Character Analysis
- The German edition
- Author: Wilhelm Reich
- Original title: Charakteranalyse
- Language: Originally German, translated into English
- Publisher: Farrar, Straus and Giroux
- Publication date: 1933
- Media type: Print
- Pages: 545
- ISBN: 0-374-50980-8

= Character Analysis =

1933 book by Wilhelm Reich

Character Analysis (Charakteranalyse) is a 1933 book by Wilhelm Reich.

==Background==
Reich finished the manuscript in January 1933. He submitted it to the Psychoanalytic Press in Vienna, presided over by Sigmund Freud, who initially accepted it for publication. However, Freud cancelled the contract, wanting to distance himself from Reich's politics.
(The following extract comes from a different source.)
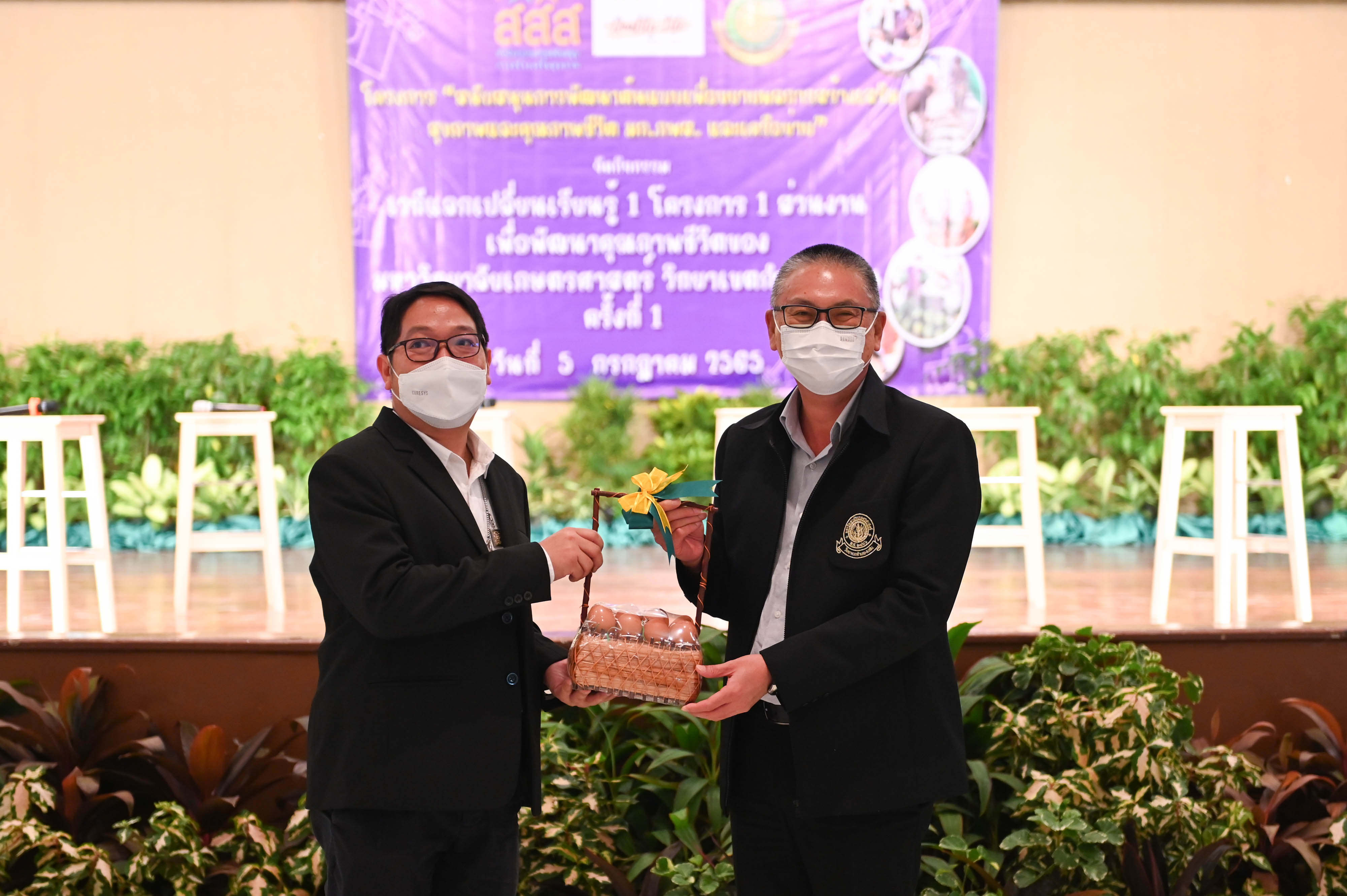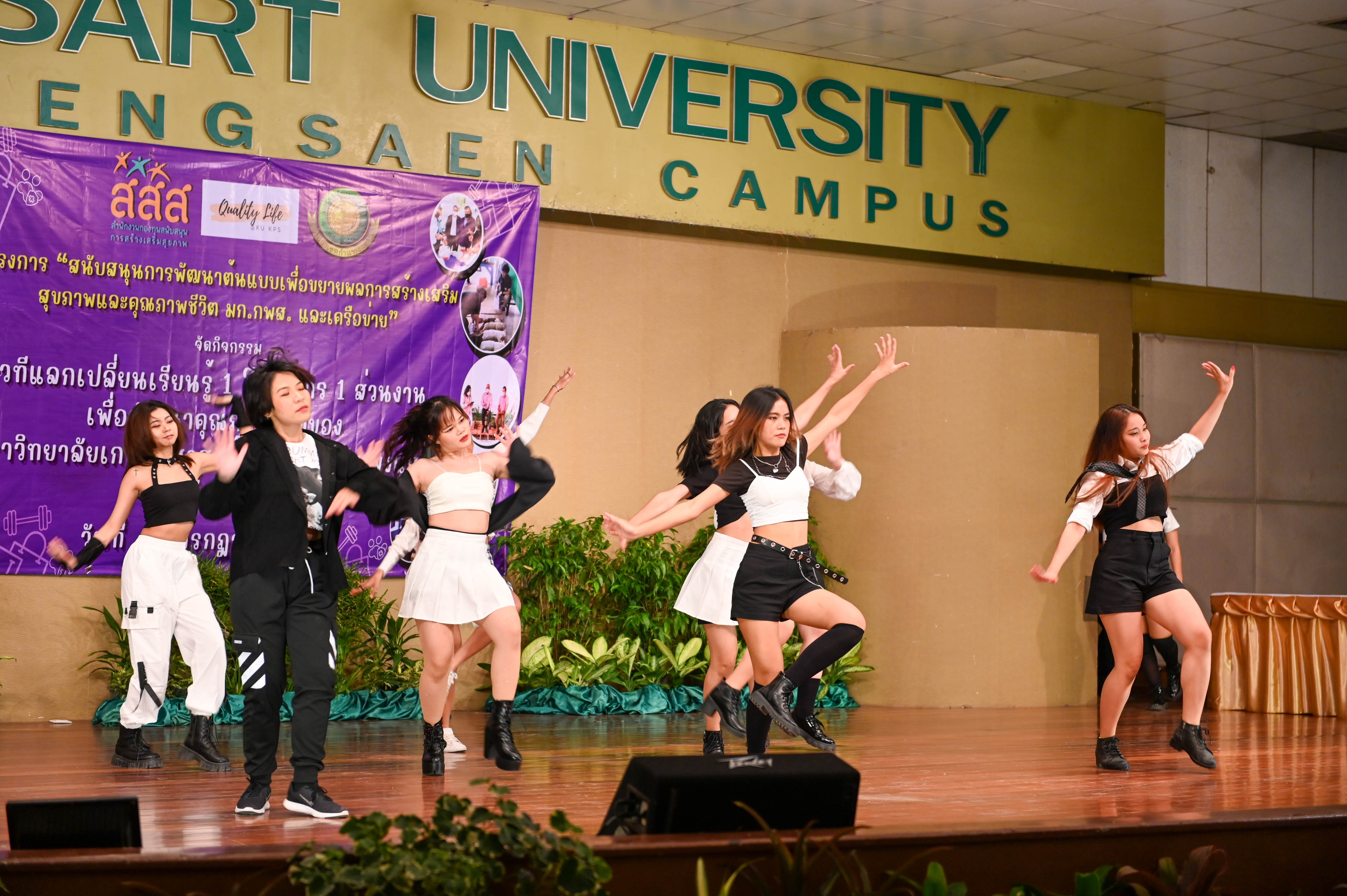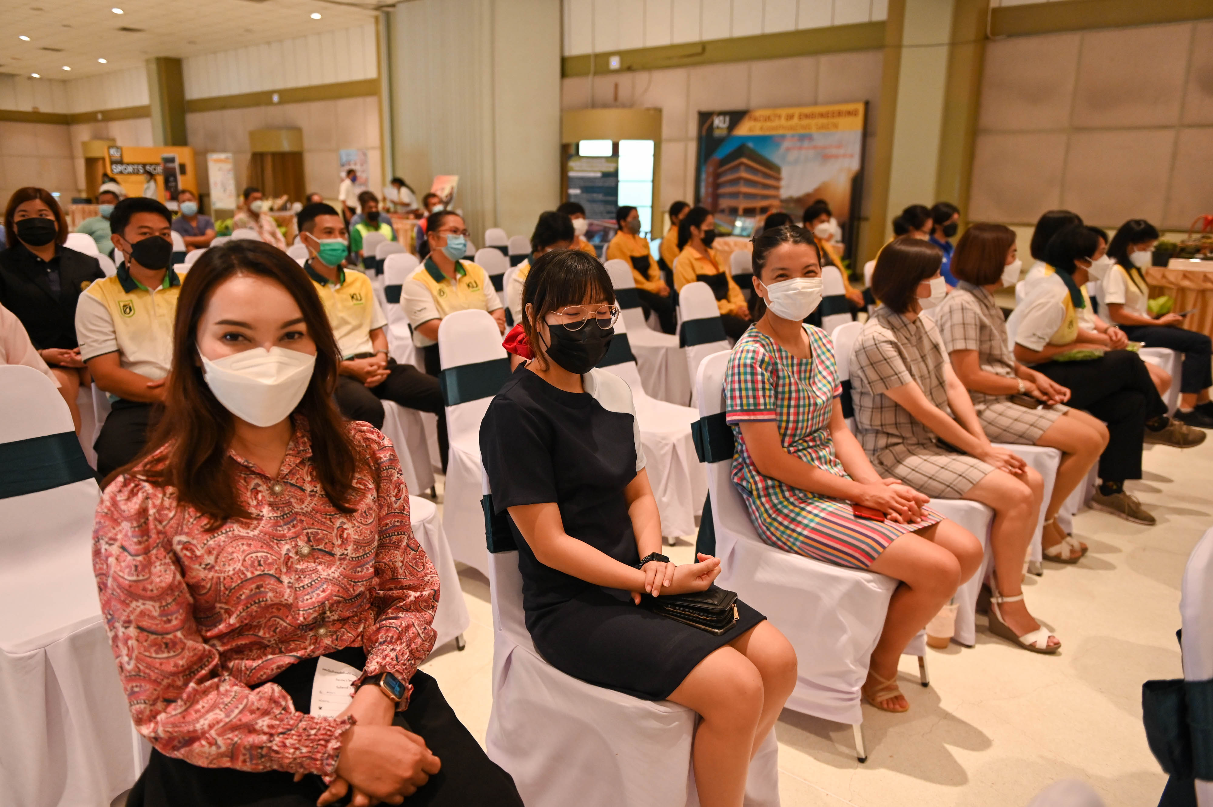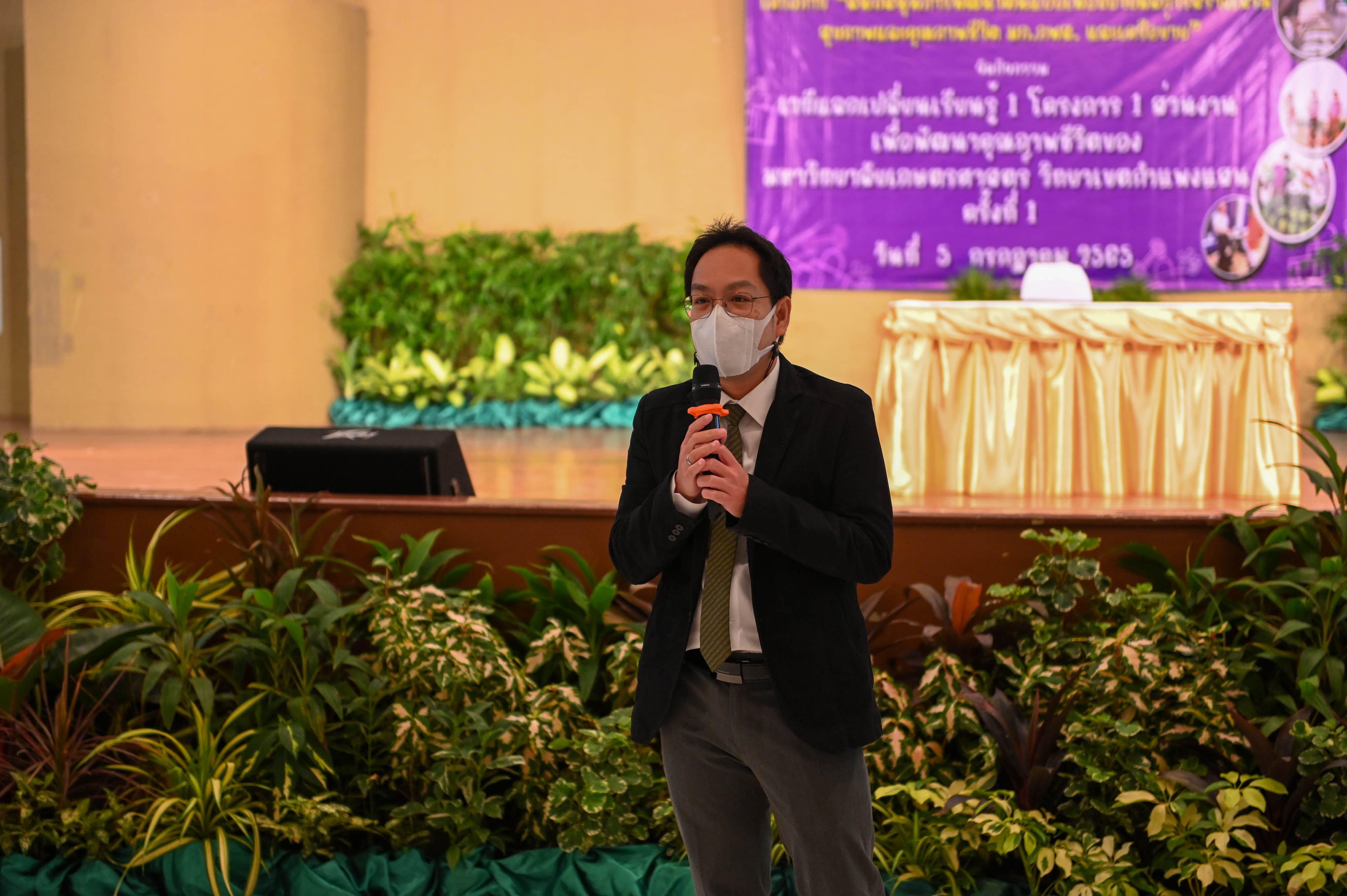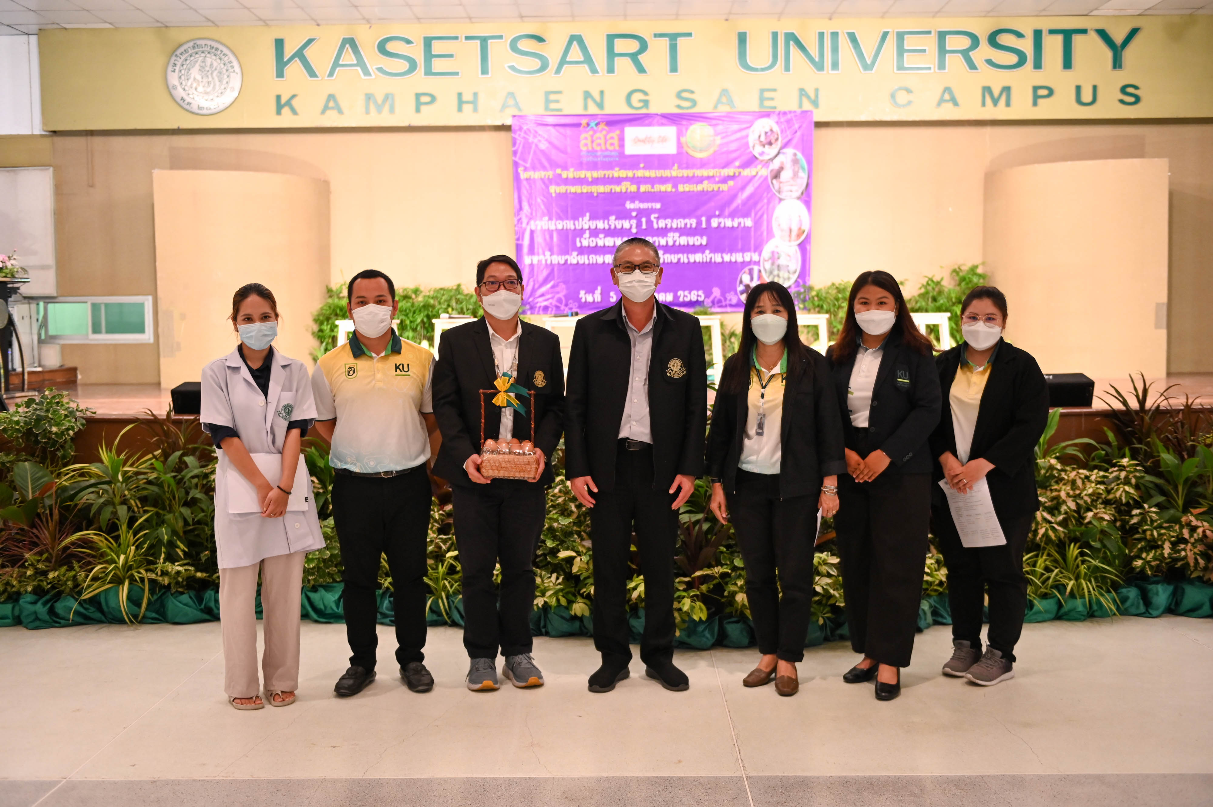 วันอังคารที่ 5 กรกฎาคม 2565 เวลา 09.00 น. มหาวิทยาลัยเกษตรศาสตร์ วิทยาเขตกำแพงแสน ได้จัดโครงการสนับสนุนการพัฒนาต้นแบบเพื่อการขยายผลการสร้างเสริมสุขภาพและคุณภาพชีวิต กิจกรรมที่ 7 เวทีแลกเปลี่ยนเรียนรู้ 1 โครงการ 1 ส่วนงาน เพื่อพัฒนาคุณภาพชีวิตของมหาวิทยาลัยเกษตรศาสตร์ วิทยาเขตกำแพงแสน โดยมี รองศาสตราจารย์ นายสัตวแพทย์ ดร.อนุชัย ภิญโญภูมิมินทร์ รองอธิการบดีวิทยาเขตกำแพงแสน เป็นประธานเปิดโครงการ และมี ดร.กิตติพจน์ เพิ่มพูล ผู้ช่วยอธิการบดีฝ่ายบริการวิชาการและกิจการพิเศษ วิทยาเขตกำแพงแสน กล่าวรายงานวัตถุประสงค์เพื่อพัฒนาเป็นต้นแบบและขยายผลการสร้างเสริมสุขภาพ มุ่งยกระดับสุขภาพและคุณภาพชีวิตมุ่งเน้นและให้ความสำคัญด้านคุณภาพชีวิตของบุคลากรและนิสิต และเป้าหมายเป็นมหาวิทยาลัยแห่งความสุข ในปี 2570 ต่อไป ซึ่งในวันนี้ได้รับเกียรติจาก คุณฉัตรดนัย พลพืชน์ สำนักสนับสนุนสุขภาวะองค์กร (สำนัก 8) เป็นวิทยากรบรรยายพิเศษ ในหัวข้อ "ความสุขบุคลากรและนิสิต พื้นฐานของมหาวิทยาลัยแห่งความสุข" พร้อมทั้งมีการเสวนาเรื่อง "การถอดบทเรียนจากการจัดกิจกรรมเวทีแลกเปลี่ยนเรียนรู้ 1 โครงการ 1 ส่วนงาน เพื่อพัฒนาคุณภาพชีวิตของมหาวิทยาลัยเกษตรศาสตร์ วิทยาเขตกำแพงแสน ครั้งที่ 1" และกิจกรรมบูธนิทรรศการจากคณะต่างๆ การออกบูธร้านค้าเกษตรกรจากพื้นที่ใกล้เคียง และการประกวดการประกอบอาหารเพื่อสุขภาพในโครงการ Food for Life เป็นต้น ณ ห้องคอนเวนชั่น อาคารศูนย์มหาวิทยาลัย

Reich borrowed money and published the book privately in Vienna.

==Summary==
Reich argues that character structures were organizations of resistance with which individuals avoided facing their neuroses: different character structures — whether schizoid, oral, psychopathic, masochistic, hysterical, compulsive, narcissistic, or rigid — were sustained biologically as body types by unconscious muscular contraction.

==Reception==
Harry Guntrip wrote that Freud's The Ego and the Id only gained practical importance when Reich's Character Analysis and Anna Freud's The Ego and the Mechanisms of Defence were published, as these books first placed ego-analysis at the centre of psychoanalytic therapy.